The required output is the lines of the listing from the beginning through the line containing "もうひとつが人材確保の課題で", each copied exactly, without any pictures.

— Supplied data —

++++

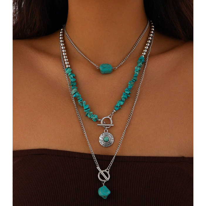 Ασημί Boho Western Set Τριπλό Κολιέ Με Τυρκουάζ Chips & Πέτρες
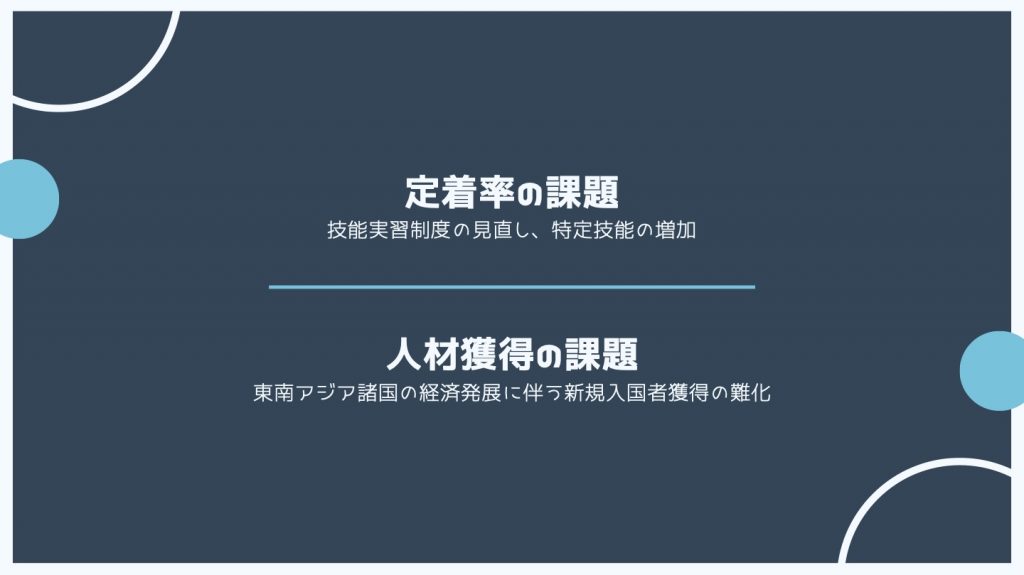 もうひとつが人材確保の課題です。東南アジア諸国の経済発展に伴って新規入国者を獲得することが難しく、日本へ働きにきてくれる人材が減ってしまうことが予想されます。現状は中国から日本へ働きに来る方が減り、ベトナム国籍の方が多くなっていますが、この状況はどんどんと変わっていくでしょう。職場にきてくれた海外人材をできるだけ定着させることが重要ですが、こういったことをクリアしていくためには支援の強化が重要です。
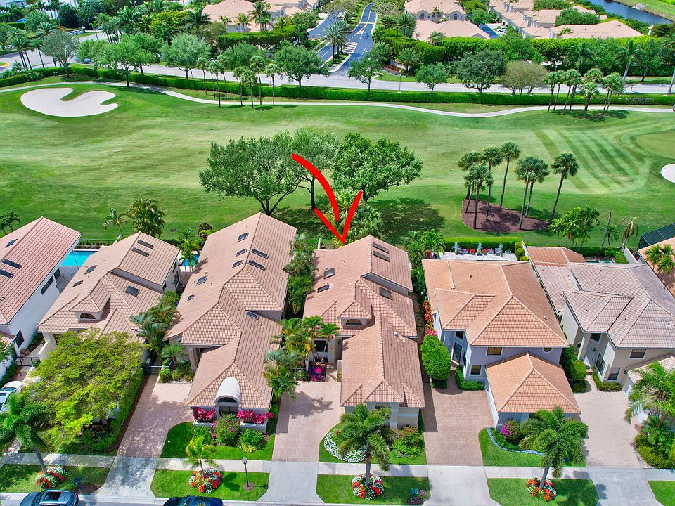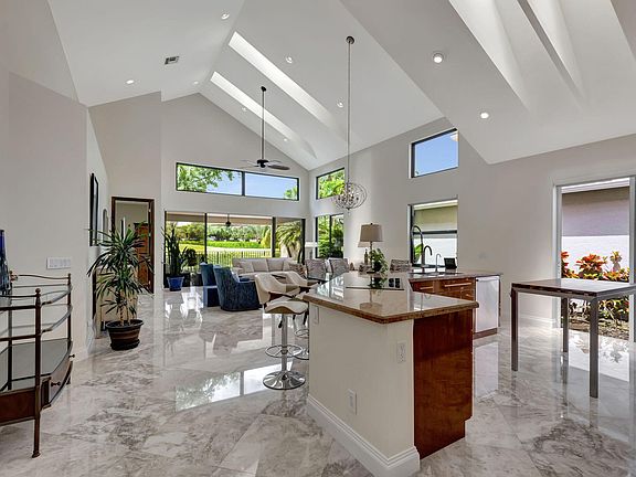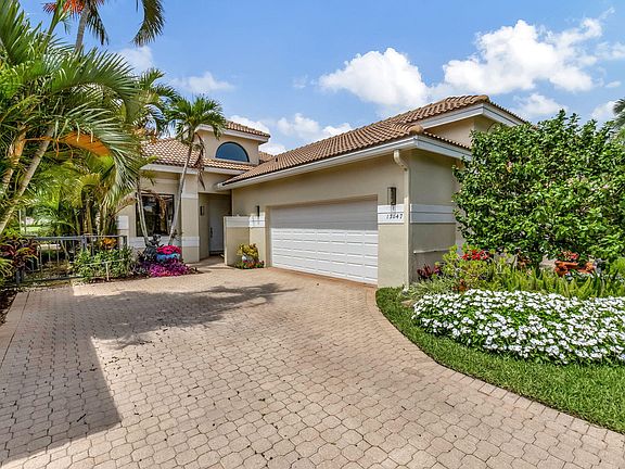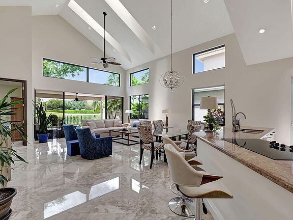 This single-story, updated home offers a blend of sophistication and tranquility. As you approach the driveway, your eyes are immediately drawn across the street to the picturesque lake, a serene backdrop that sets the tone for the luxury that awaits inside. Stepping into the foyer, you are greeted by vaulted ceilings that soar above. Skylights bathe the interior in natural light, illuminating the open concept designed for seamless entertaining. Every detail of this updated abode exudes thoughtfulness, from the custom layout to the high-end kitchen appliances and walk-in pantry. It's the panoramic view of the lush, sprawling golf course that truly steals the show, a masterpiece framed by the expansive windows of the living space. The patio is an extension of the home and creates an outdoor living room to relax and watch the sunsets in the distance. The primary suite offers a sanctuary with its private vista of the golf course, access to the patio, two walk-in closets, and a spacious bathroom complemented by dual sinks and a separate tub. The split floor plan offers another separate ensuite bedroom, ensuring privacy and comfort for guests. A third bedroom, complete with a built-in desk, provides versatility for a home office or study with an adjacent additional full guest bathroom. This home has been impeccably maintained and offers impact windows and numerous upgrades. A convenient laundry room adjoins the attached two-car garage. Located in the Hampton Court section of the award-winning Polo Club, a satellite pool is located just down the street, and a beautiful palm tree-lined street with gorgeous flowers. Enjoy country club living at its finest with access to the full amenities at The Polo Club Clubhouse such as the two championship 18-hole golf courses, an internationally awarded tennis/pickleball center, and a 145,000 SF Clubhouse with multiple restaurants, bars, gym/spa, aquatics center, and activities.
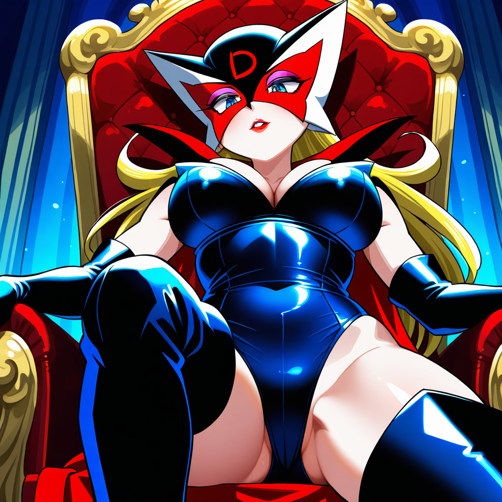 YT_Doronjo, 1girl, solo, mask, gloves, blonde hair, long hair, large breasts, blue eyes, lipstick, cape, elbow gloves, black gloves, thighhighs, cleavage, thigh boots

++++

— Output for this task —
 Ασημί Boho Western Set Τριπλό Κολιέ Με Τυρκουάζ Chips & Πέτρες
 もうひとつが人材確保の課題です。東南アジア諸国の経済発展に伴って新規入国者を獲得することが難しく、日本へ働きにきてくれる人材が減ってしまうことが予想されます。現状は中国から日本へ働きに来る方が減り、ベトナム国籍の方が多くなっていますが、この状況はどんどんと変わっていくでしょう。職場にきてくれた海外人材をできるだけ定着させることが重要ですが、こういったことをクリアしていくためには支援の強化が重要です。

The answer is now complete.